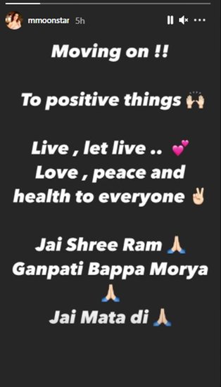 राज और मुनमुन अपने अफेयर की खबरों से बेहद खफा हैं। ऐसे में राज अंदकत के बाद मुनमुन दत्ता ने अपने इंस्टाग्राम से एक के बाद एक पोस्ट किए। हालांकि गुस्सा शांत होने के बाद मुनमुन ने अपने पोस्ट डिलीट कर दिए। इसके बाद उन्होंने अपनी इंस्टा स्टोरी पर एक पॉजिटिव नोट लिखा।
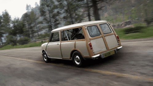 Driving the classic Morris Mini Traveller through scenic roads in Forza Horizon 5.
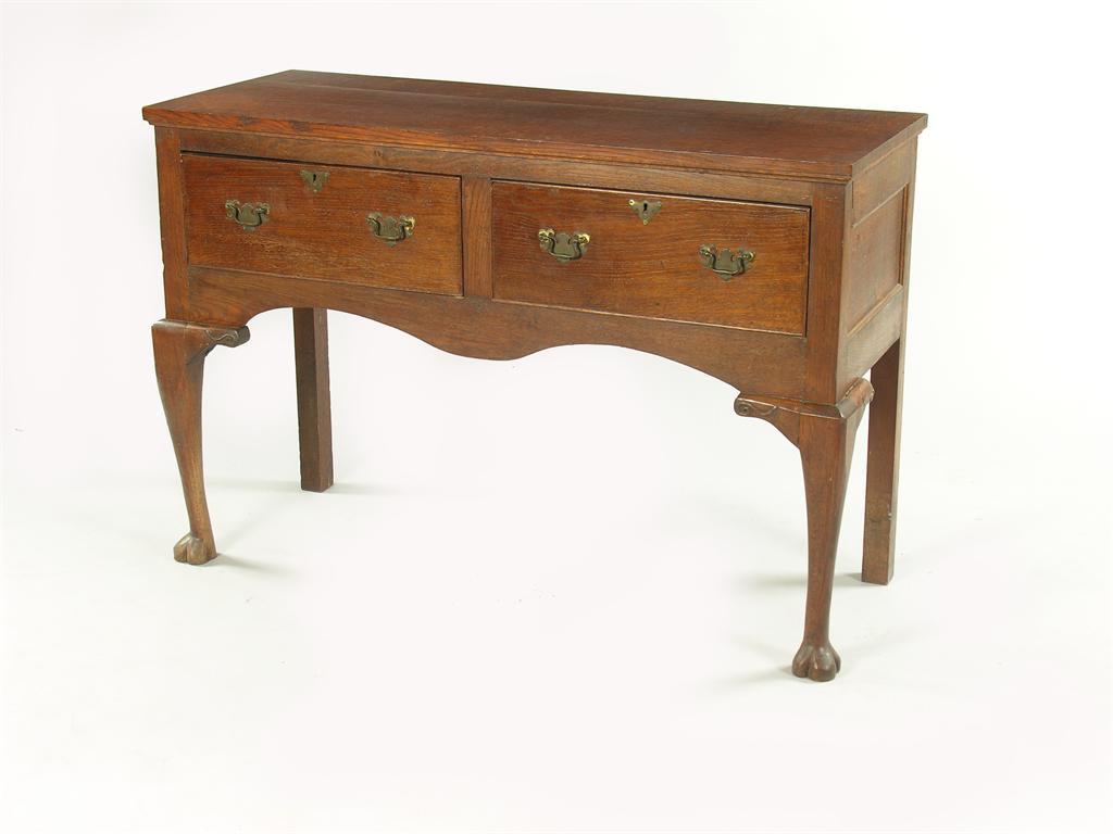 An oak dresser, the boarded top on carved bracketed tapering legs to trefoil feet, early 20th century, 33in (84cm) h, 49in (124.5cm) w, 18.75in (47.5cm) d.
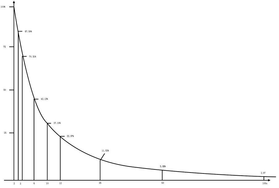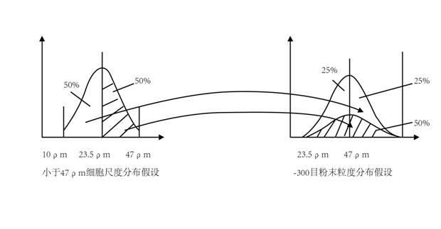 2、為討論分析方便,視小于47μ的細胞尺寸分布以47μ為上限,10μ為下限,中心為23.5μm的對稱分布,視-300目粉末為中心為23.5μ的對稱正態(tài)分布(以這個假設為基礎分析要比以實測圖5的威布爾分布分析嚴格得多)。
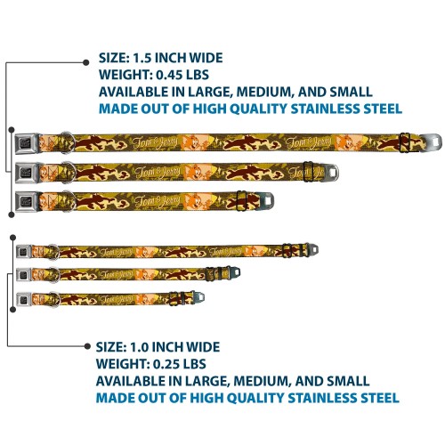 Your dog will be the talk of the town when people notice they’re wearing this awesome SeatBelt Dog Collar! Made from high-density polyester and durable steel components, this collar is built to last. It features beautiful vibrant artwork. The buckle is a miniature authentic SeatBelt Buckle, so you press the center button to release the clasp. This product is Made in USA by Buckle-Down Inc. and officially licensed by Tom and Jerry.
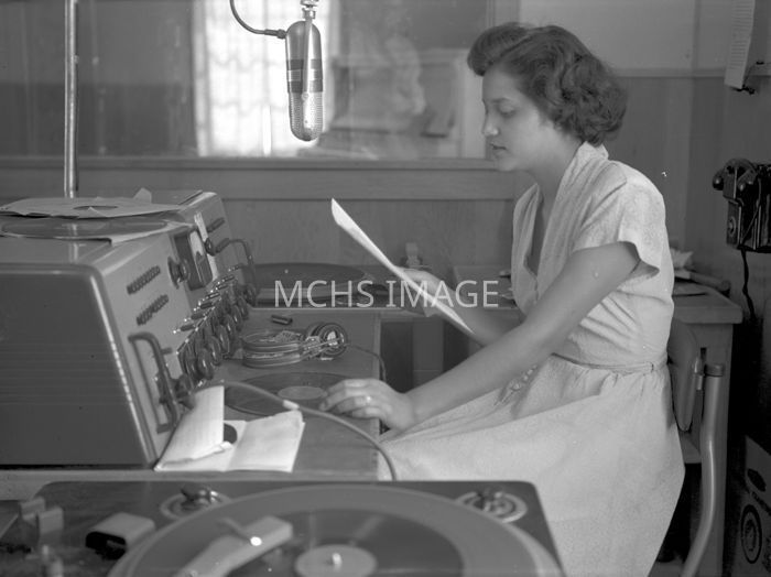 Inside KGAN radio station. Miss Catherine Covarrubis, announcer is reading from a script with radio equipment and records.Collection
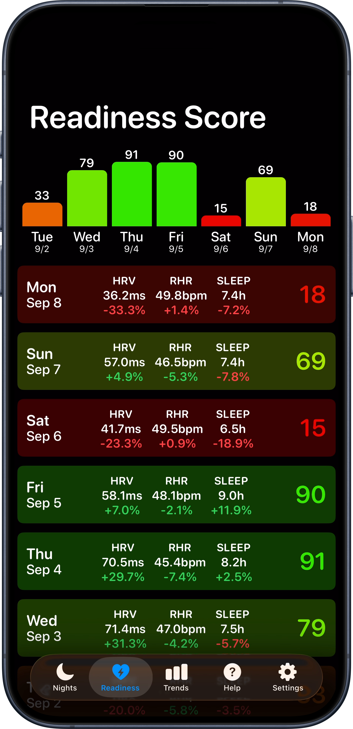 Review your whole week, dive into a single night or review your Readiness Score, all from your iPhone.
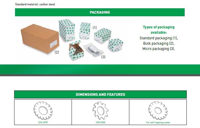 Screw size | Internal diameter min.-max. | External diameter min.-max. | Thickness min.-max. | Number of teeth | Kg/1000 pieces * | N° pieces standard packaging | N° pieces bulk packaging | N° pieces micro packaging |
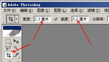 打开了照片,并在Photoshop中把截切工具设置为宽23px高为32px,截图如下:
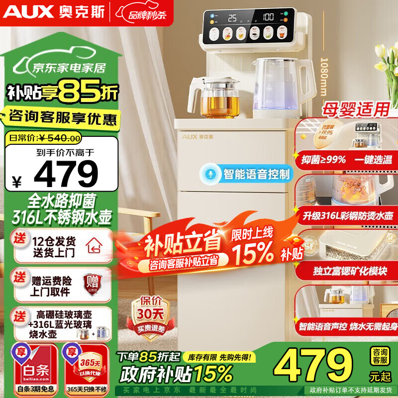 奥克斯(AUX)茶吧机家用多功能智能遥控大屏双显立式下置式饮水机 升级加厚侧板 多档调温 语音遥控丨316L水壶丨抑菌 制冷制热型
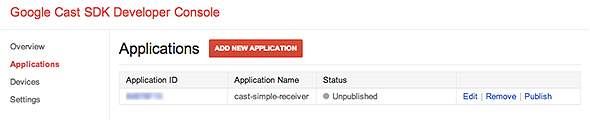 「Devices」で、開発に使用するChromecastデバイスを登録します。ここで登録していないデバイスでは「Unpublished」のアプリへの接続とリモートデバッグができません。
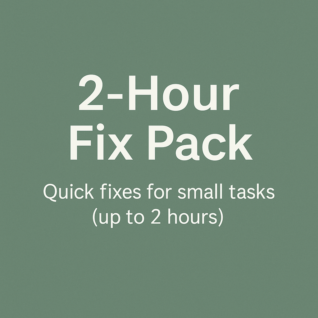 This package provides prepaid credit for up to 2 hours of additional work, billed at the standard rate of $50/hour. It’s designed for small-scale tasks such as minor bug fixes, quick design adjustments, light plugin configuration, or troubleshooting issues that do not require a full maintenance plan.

-*-

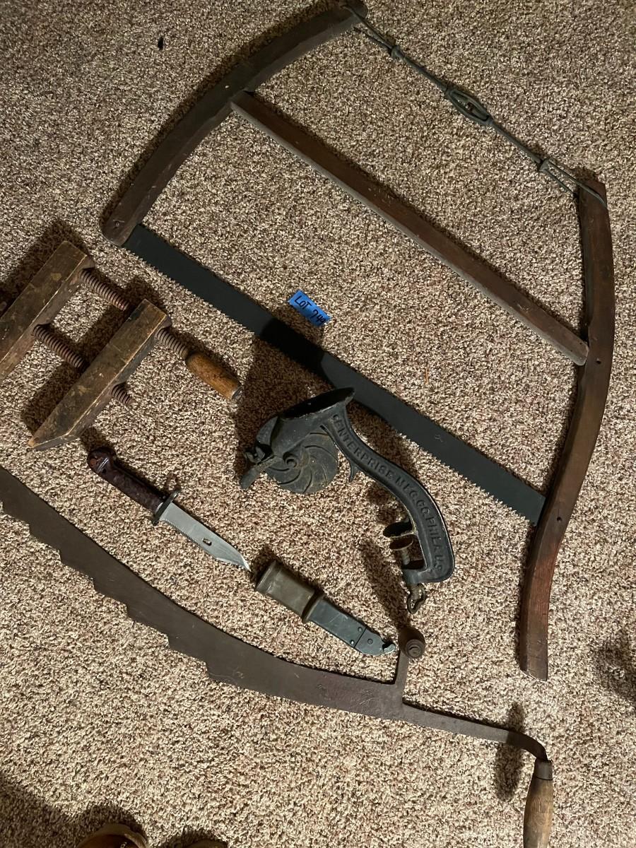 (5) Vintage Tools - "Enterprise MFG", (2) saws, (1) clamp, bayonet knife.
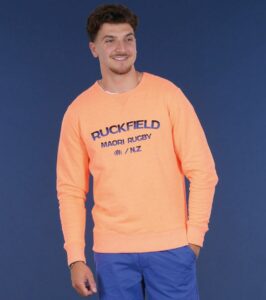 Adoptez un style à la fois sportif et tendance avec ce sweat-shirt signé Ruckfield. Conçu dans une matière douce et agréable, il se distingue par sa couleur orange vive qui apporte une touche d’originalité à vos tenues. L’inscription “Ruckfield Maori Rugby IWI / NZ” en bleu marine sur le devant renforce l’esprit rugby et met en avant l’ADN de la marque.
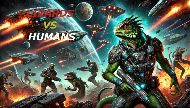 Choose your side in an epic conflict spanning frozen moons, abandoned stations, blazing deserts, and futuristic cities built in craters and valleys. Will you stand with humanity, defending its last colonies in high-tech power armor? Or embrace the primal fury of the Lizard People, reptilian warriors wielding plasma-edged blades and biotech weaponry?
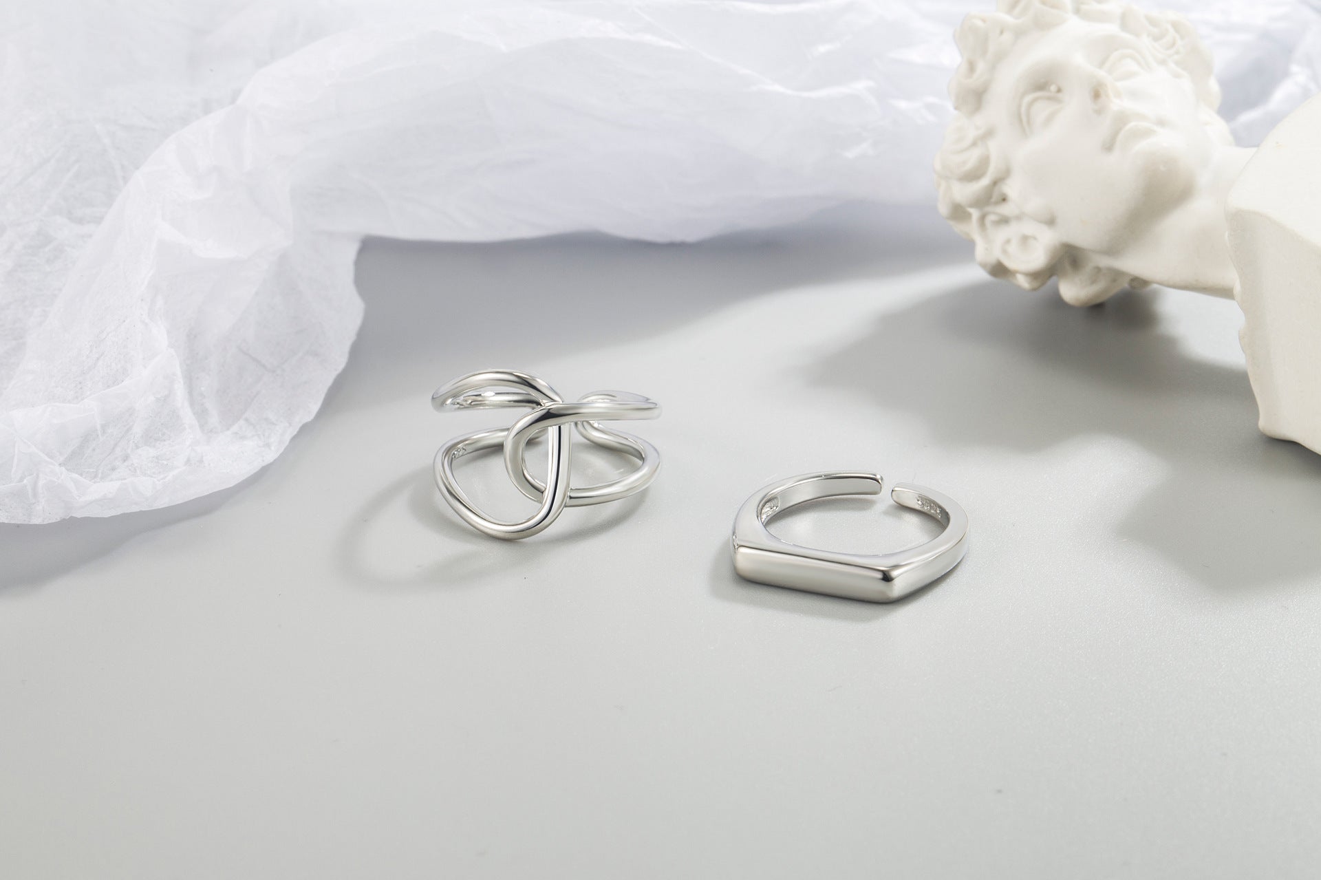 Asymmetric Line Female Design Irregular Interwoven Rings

-*-

Aim of the task >> What is wanted is an exact copy of the lines above from the one containing "Your dog will" through the one containing "Inside KGAN radio", with no pictures in it.

Written solution >>
 Your dog will be the talk of the town when people notice they’re wearing this awesome SeatBelt Dog Collar! Made from high-density polyester and durable steel components, this collar is built to last. It features beautiful vibrant artwork. The buckle is a miniature authentic SeatBelt Buckle, so you press the center button to release the clasp. This product is Made in USA by Buckle-Down Inc. and officially licensed by Tom and Jerry.
 Inside KGAN radio station. Miss Catherine Covarrubis, announcer is reading from a script with radio equipment and records.Collection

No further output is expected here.